EXERCISE INSTRUCTIONS → Once the pictures are set aside, reproduce all of the records exactly.

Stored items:
◇ ◇ ◇ ◇ ◇ ◇ ◇
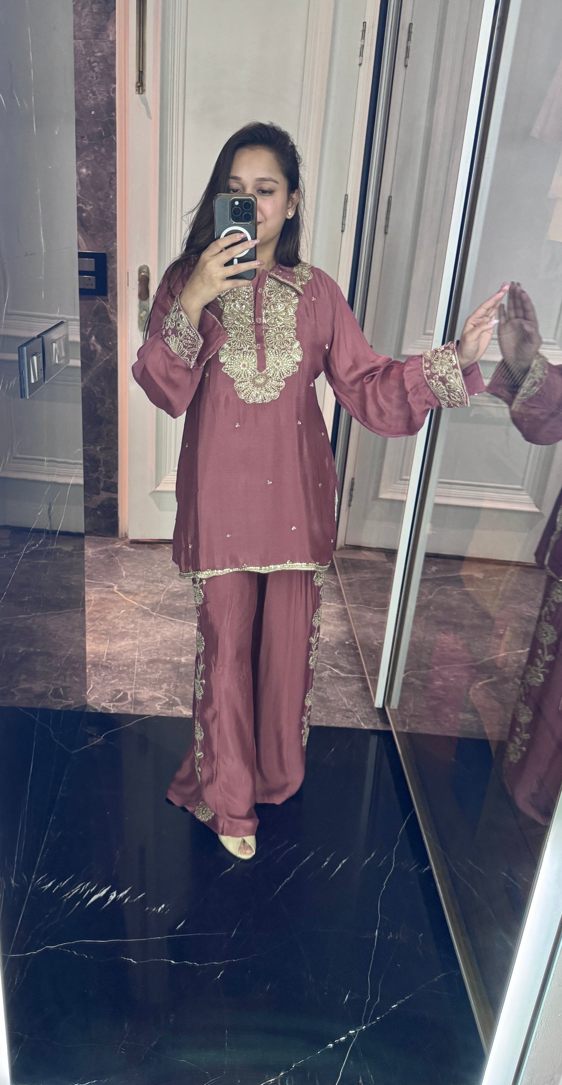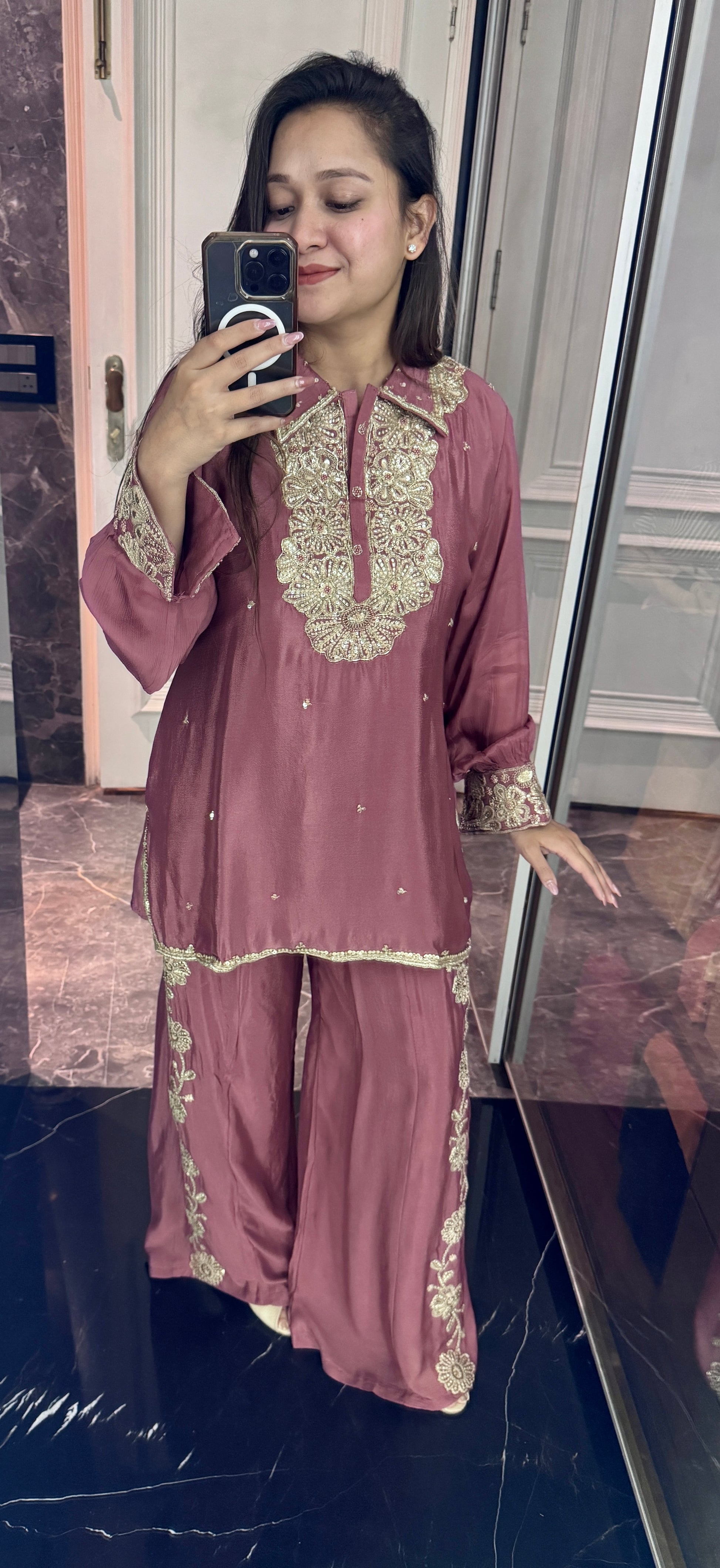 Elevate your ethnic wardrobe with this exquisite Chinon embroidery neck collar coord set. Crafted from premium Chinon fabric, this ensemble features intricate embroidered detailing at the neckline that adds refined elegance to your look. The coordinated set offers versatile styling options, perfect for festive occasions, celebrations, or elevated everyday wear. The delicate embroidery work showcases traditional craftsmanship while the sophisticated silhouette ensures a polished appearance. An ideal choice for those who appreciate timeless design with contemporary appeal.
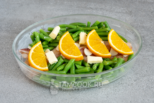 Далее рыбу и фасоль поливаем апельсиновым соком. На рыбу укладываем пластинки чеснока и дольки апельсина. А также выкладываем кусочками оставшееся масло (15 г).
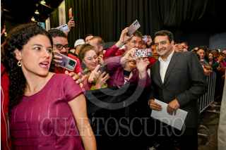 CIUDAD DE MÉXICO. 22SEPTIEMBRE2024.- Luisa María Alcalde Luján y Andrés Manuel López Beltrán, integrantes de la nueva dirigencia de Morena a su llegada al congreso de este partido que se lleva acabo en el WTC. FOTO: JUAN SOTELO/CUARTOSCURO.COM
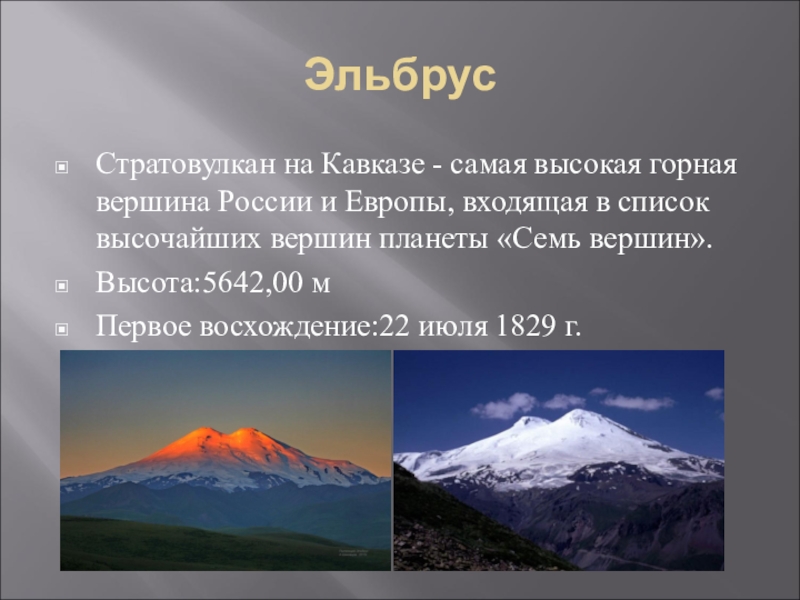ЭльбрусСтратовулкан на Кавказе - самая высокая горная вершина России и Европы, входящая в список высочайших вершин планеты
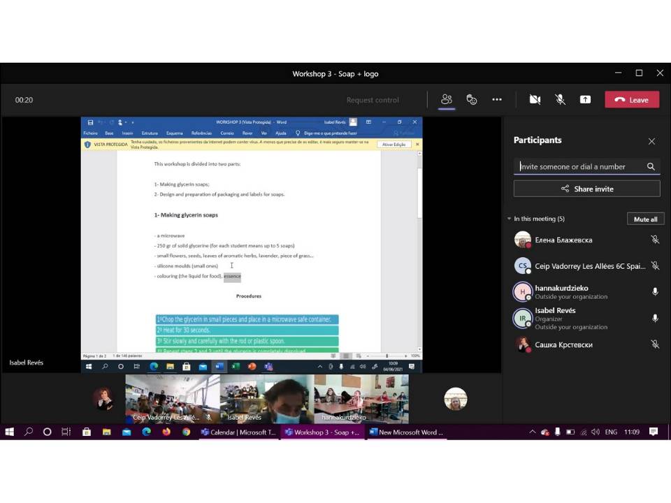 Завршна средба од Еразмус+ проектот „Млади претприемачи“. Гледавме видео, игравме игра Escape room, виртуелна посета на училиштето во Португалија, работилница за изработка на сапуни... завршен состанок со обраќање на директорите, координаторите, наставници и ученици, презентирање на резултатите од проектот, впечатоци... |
◇ ◇ ◇ ◇ ◇ ◇ ◇
ANSWER SPACE →
 Elevate your ethnic wardrobe with this exquisite Chinon embroidery neck collar coord set. Crafted from premium Chinon fabric, this ensemble features intricate embroidered detailing at the neckline that adds refined elegance to your look. The coordinated set offers versatile styling options, perfect for festive occasions, celebrations, or elevated everyday wear. The delicate embroidery work showcases traditional craftsmanship while the sophisticated silhouette ensures a polished appearance. An ideal choice for those who appreciate timeless design with contemporary appeal.
 Далее рыбу и фасоль поливаем апельсиновым соком. На рыбу укладываем пластинки чеснока и дольки апельсина. А также выкладываем кусочками оставшееся масло (15 г).
 CIUDAD DE MÉXICO. 22SEPTIEMBRE2024.- Luisa María Alcalde Luján y Andrés Manuel López Beltrán, integrantes de la nueva dirigencia de Morena a su llegada al congreso de este partido que se lleva acabo en el WTC. FOTO: JUAN SOTELO/CUARTOSCURO.COM
ЭльбрусСтратовулкан на Кавказе - самая высокая горная вершина России и Европы, входящая в список высочайших вершин планеты
 Завршна средба од Еразмус+ проектот „Млади претприемачи“. Гледавме видео, игравме игра Escape room, виртуелна посета на училиштето во Португалија, работилница за изработка на сапуни... завршен состанок со обраќање на директорите, координаторите, наставници и ученици, презентирање на резултатите од проектот, впечатоци... |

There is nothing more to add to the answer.